Behind most disputes is a system that perpetuates the problem. Uncovering the system will reveal why these negative conflict outcomes keep coming back, and, hopefully, how to fix them for good.
Have you ever been on a business team where the same issues seem to arise time and time again? Maybe you thought you had dealt with a problem through training, shuffling the team, dismissing a person who was obviously at the center of the issue, or simply waiting for it to take care of itself, only to see something similar rear its head a few weeks, months, or even years later. More than likely, something is going on that is not only causing the problem to recur but also is not easily seen by the team. So, the challenge is to get to the root of the problem.
Common Systemic Issues Leading to Disputes in Startups
Following is a list of very common systems that can lead to conflicts, particularly in high potential startups. Much of this information was researched and put together by Professor Noam Wasserman at the Harvard Business School. Also included is information from my work as a mediator with startup teams, helping teams understand how to end their repetitive destructive conflicts once and for all. The list is in no particular order of priority.
A huge amount of thought, research, time and effort went into building the list, and volumes have been written to support every point. However, the most powerful aspect of the list is that it actually exists. It is normal and predictable that any of these systems may lead to conflicts in your company. Knowing that others share similar challenges may help normalize what is happening on your team. What may be perceived as a problem with one person, vendor, investor, product, or department can take on a new light with this new information. Simply knowing that a system may be in play allows the team to look for it, identify it and deal with it rather than continue to be confused, angry, in avoidance, or just plain unable to act.
Two Elements that Enable System Issues to Escalate Into Disputes
Lack of Awareness of Systemic Issues
Complexities in human interactions often add to the confusion when trying to identify exactly what underlying issues are causing problems. Not properly identifying the underlying cause makes it very difficult to solve the problem in the long term. As the conflict grows and manifests itself in more and more of the team dynamics, the system becomes harder and harder to recognize and act upon. Common predictable behaviors like in-group/out-group forming, singling out individuals for blame, and increasing attrition, to name a few, start to forecast bigger troubles ahead. Short-term fixes may mask the issue and cover the symptoms for a while, but in most cases the problems will resurface with vigor.

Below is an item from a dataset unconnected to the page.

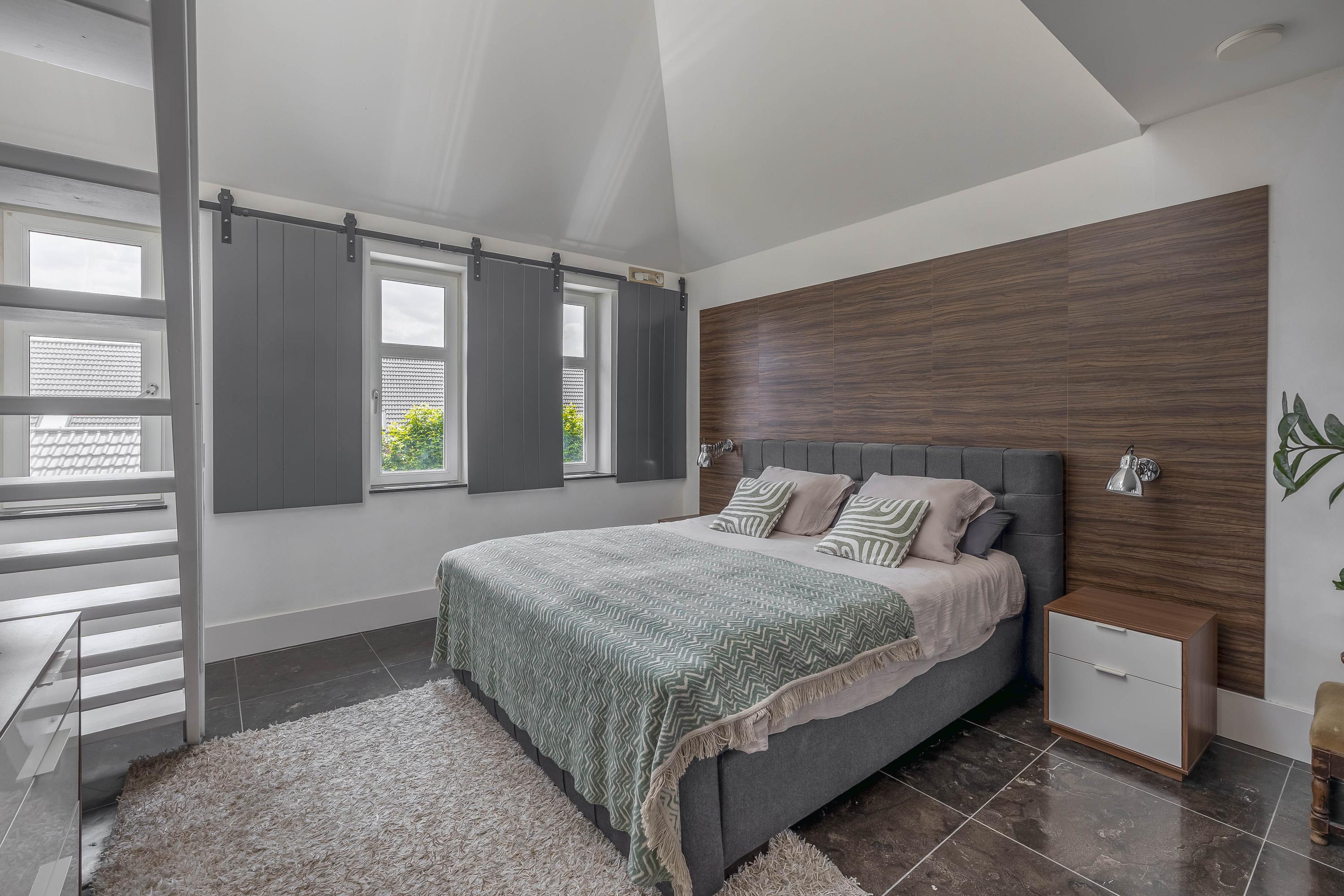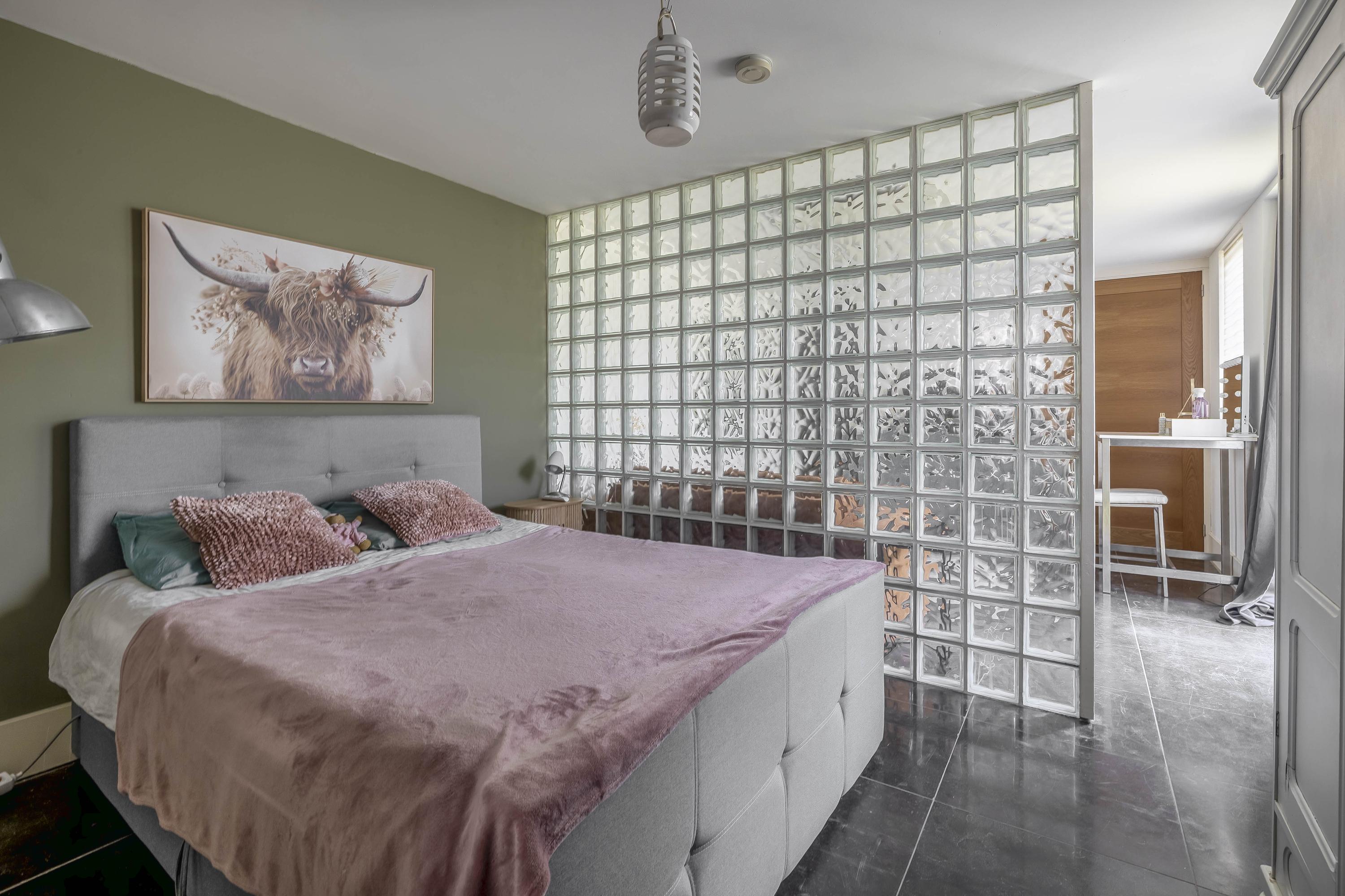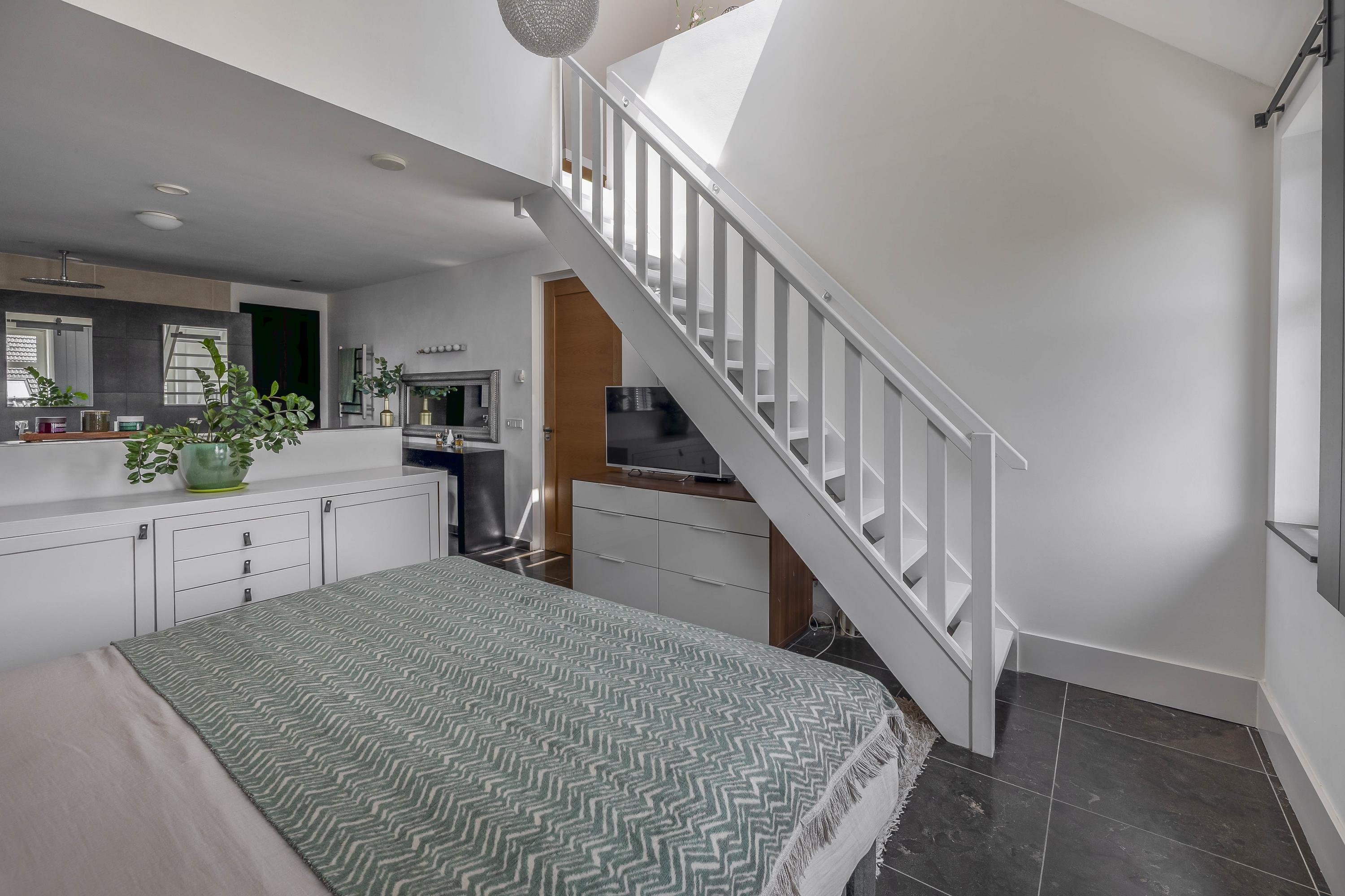Slaapkamer 1 betreft eenprachtige masterbedroom met badkamer-en-suite en een vaste trapopgang naar de tweede verdieping. Hier ervaar je een gevoel van luxe en ruimte, mede dankzij de hoge nok en smaakvolle afwerking.

Relationship management and avoiding conflict will often trump the need to deal with a growing conflict and find the system behind it. “Co-founders with prior social relationships are often the least likely to deal with the elephants in the room.”(Wasserman) and “Partners with prior business relations and strangers working together are more likely to address rising conflicts than family/friends.” (Wasserman) One of our key human cooperation attributes is being able to look the other way and not let small conflicts and offenses spiral into bigger ones. This same behavior can also bite us in the rear when we allow small conflicts to fester and turn into bigger ones.
Finding the System
A curious team will ideally catch warning signs early and come together to both identify what is underlying their conflict and take appropriate steps to eliminate or change the system causing the problem. Such a team has consistently strong leadership and open, trusting, forward-looking communication among most members. They are able to see the team’s underlying foundation, identify what is happening, and quickly act to change it.
Teams that have been in the weeds of conflict for a long time, or have less experienced people, will need a more process-oriented way of discovering the system. Conflict mapping, where a qualified insider or outsider investigates and develops a “map” of what is happening, is a common first step to a solution. Bringing that information to the team in a way that it can be heard, adjusted as needed, and then brought to an agreed upon action is a natural second step.
Actions to Take
If you walk away with nothing else from this post, remember that when you spot a conflict that is escalating:
Remain curious at all times.
Recognize that a conflict-causing system could be at play in your team.
Identify that system.
Take action to change the situation.